╭─ SUPPLIED INFORMATION

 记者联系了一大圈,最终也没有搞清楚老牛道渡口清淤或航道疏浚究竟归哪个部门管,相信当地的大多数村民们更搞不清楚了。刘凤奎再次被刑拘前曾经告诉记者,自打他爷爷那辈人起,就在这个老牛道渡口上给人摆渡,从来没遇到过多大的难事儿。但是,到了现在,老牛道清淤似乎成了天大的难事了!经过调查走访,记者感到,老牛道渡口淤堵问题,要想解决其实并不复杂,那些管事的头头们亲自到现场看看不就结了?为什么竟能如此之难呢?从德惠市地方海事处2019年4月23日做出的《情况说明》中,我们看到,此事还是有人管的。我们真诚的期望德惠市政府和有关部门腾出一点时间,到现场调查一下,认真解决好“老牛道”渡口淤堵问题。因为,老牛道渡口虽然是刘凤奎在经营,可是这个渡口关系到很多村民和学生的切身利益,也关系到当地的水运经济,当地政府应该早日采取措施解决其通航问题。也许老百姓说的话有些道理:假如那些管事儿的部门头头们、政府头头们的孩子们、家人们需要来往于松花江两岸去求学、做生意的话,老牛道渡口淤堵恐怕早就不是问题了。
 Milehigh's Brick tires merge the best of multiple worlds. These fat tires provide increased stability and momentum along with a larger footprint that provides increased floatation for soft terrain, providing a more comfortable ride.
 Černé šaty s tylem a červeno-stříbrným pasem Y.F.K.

╰─

* **WORK REQUIRED**: What is needed is each line of the data, printed exactly.

* **TASK SOLUTION**:
 记者联系了一大圈,最终也没有搞清楚老牛道渡口清淤或航道疏浚究竟归哪个部门管,相信当地的大多数村民们更搞不清楚了。刘凤奎再次被刑拘前曾经告诉记者,自打他爷爷那辈人起,就在这个老牛道渡口上给人摆渡,从来没遇到过多大的难事儿。但是,到了现在,老牛道清淤似乎成了天大的难事了!经过调查走访,记者感到,老牛道渡口淤堵问题,要想解决其实并不复杂,那些管事的头头们亲自到现场看看不就结了?为什么竟能如此之难呢?从德惠市地方海事处2019年4月23日做出的《情况说明》中,我们看到,此事还是有人管的。我们真诚的期望德惠市政府和有关部门腾出一点时间,到现场调查一下,认真解决好“老牛道”渡口淤堵问题。因为,老牛道渡口虽然是刘凤奎在经营,可是这个渡口关系到很多村民和学生的切身利益,也关系到当地的水运经济,当地政府应该早日采取措施解决其通航问题。也许老百姓说的话有些道理:假如那些管事儿的部门头头们、政府头头们的孩子们、家人们需要来往于松花江两岸去求学、做生意的话,老牛道渡口淤堵恐怕早就不是问题了。
 Milehigh's Brick tires merge the best of multiple worlds. These fat tires provide increased stability and momentum along with a larger footprint that provides increased floatation for soft terrain, providing a more comfortable ride.
 Černé šaty s tylem a červeno-stříbrným pasem Y.F.K.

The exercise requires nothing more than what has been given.